TO DO: From the material below, copy exactly the lines beginning with the one that contains "Lámpara de pie, en" and ending with the one that contains "The next course, however, was"; the pictures stay out.

[RECORDS SHOWN — start]

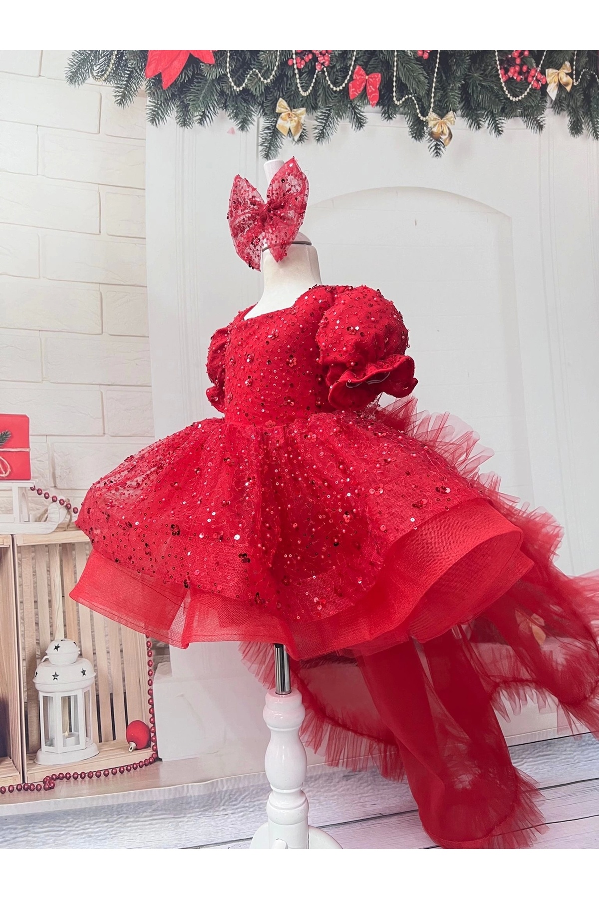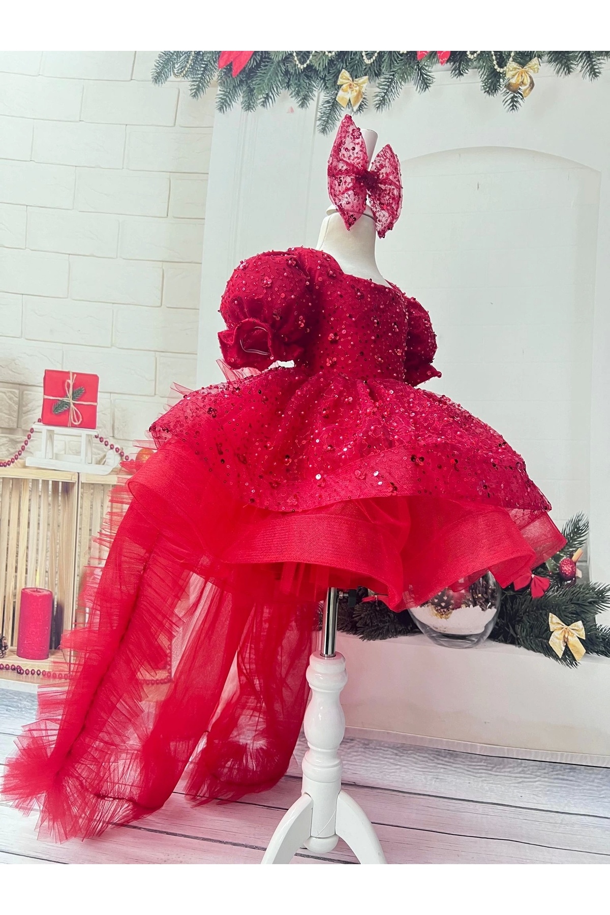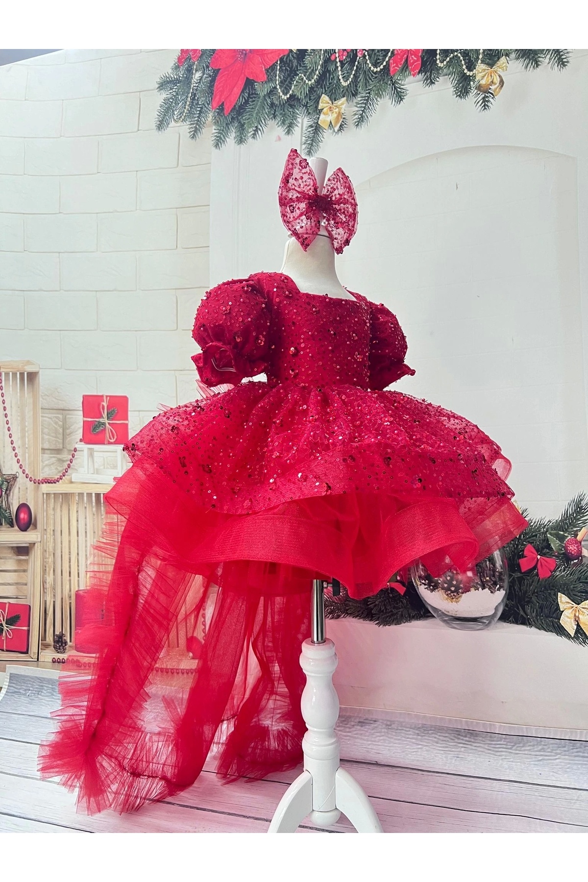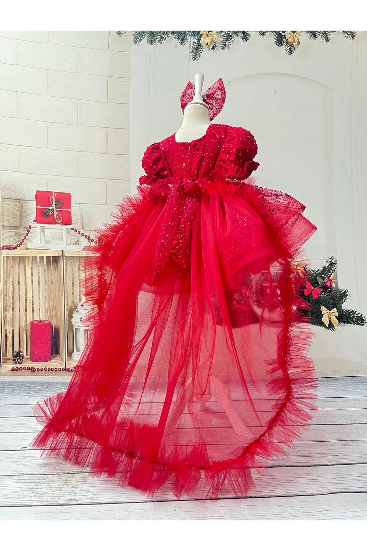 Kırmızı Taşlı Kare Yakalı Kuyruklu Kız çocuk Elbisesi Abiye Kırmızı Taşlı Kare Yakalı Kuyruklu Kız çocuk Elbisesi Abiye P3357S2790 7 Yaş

[RECORDS SHOWN — finish]
[RECORDS SHOWN — start]

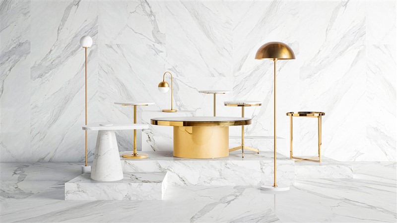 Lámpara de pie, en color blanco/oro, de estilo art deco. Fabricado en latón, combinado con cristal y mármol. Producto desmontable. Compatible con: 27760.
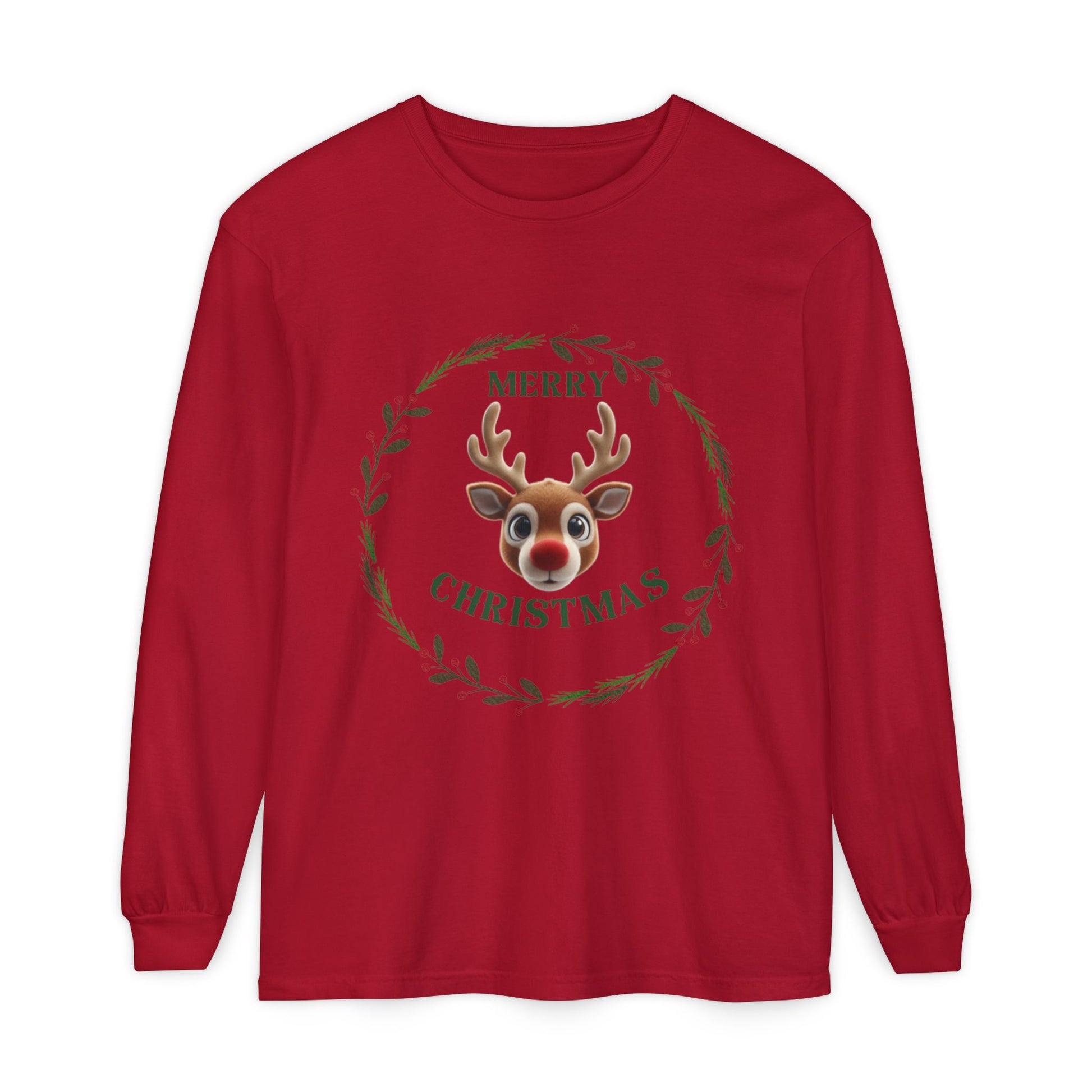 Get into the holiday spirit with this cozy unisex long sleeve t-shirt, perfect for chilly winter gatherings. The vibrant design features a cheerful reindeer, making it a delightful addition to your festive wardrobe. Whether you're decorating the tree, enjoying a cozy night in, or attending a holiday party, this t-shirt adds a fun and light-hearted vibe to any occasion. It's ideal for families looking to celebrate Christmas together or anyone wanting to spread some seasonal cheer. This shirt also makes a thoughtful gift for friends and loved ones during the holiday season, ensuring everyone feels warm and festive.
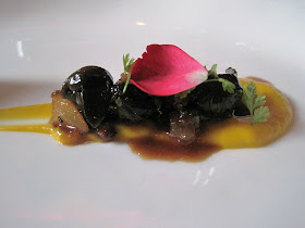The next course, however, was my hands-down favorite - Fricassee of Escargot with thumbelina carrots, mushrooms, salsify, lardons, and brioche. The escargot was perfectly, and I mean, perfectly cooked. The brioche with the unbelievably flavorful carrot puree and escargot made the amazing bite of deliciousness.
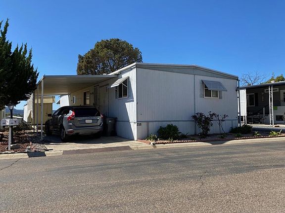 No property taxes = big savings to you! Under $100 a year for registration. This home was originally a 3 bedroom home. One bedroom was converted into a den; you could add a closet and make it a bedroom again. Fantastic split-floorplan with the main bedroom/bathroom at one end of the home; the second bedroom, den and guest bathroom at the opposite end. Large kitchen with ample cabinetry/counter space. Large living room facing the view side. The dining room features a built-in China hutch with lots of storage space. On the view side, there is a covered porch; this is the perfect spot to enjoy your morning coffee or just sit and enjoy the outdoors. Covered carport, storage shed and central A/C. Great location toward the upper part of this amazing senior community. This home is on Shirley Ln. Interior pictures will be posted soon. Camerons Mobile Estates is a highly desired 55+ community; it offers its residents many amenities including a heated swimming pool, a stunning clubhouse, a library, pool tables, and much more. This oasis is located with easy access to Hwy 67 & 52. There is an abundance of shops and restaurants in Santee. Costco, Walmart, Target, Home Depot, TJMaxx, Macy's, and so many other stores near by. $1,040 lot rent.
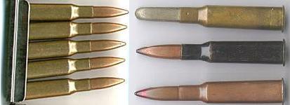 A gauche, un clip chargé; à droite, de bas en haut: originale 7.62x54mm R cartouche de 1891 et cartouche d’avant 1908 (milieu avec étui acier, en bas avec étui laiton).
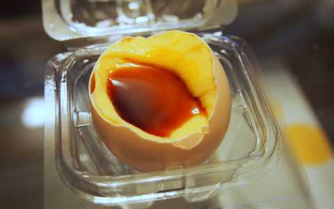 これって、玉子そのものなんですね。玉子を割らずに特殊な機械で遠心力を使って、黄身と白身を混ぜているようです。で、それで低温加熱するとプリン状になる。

[RECORDS SHOWN — finish]

OUTPUT OF THE EXERCISE:
 Lámpara de pie, en color blanco/oro, de estilo art deco. Fabricado en latón, combinado con cristal y mármol. Producto desmontable. Compatible con: 27760.
 Get into the holiday spirit with this cozy unisex long sleeve t-shirt, perfect for chilly winter gatherings. The vibrant design features a cheerful reindeer, making it a delightful addition to your festive wardrobe. Whether you're decorating the tree, enjoying a cozy night in, or attending a holiday party, this t-shirt adds a fun and light-hearted vibe to any occasion. It's ideal for families looking to celebrate Christmas together or anyone wanting to spread some seasonal cheer. This shirt also makes a thoughtful gift for friends and loved ones during the holiday season, ensuring everyone feels warm and festive.
The next course, however, was my hands-down favorite - Fricassee of Escargot with thumbelina carrots, mushrooms, salsify, lardons, and brioche. The escargot was perfectly, and I mean, perfectly cooked. The brioche with the unbelievably flavorful carrot puree and escargot made the amazing bite of deliciousness.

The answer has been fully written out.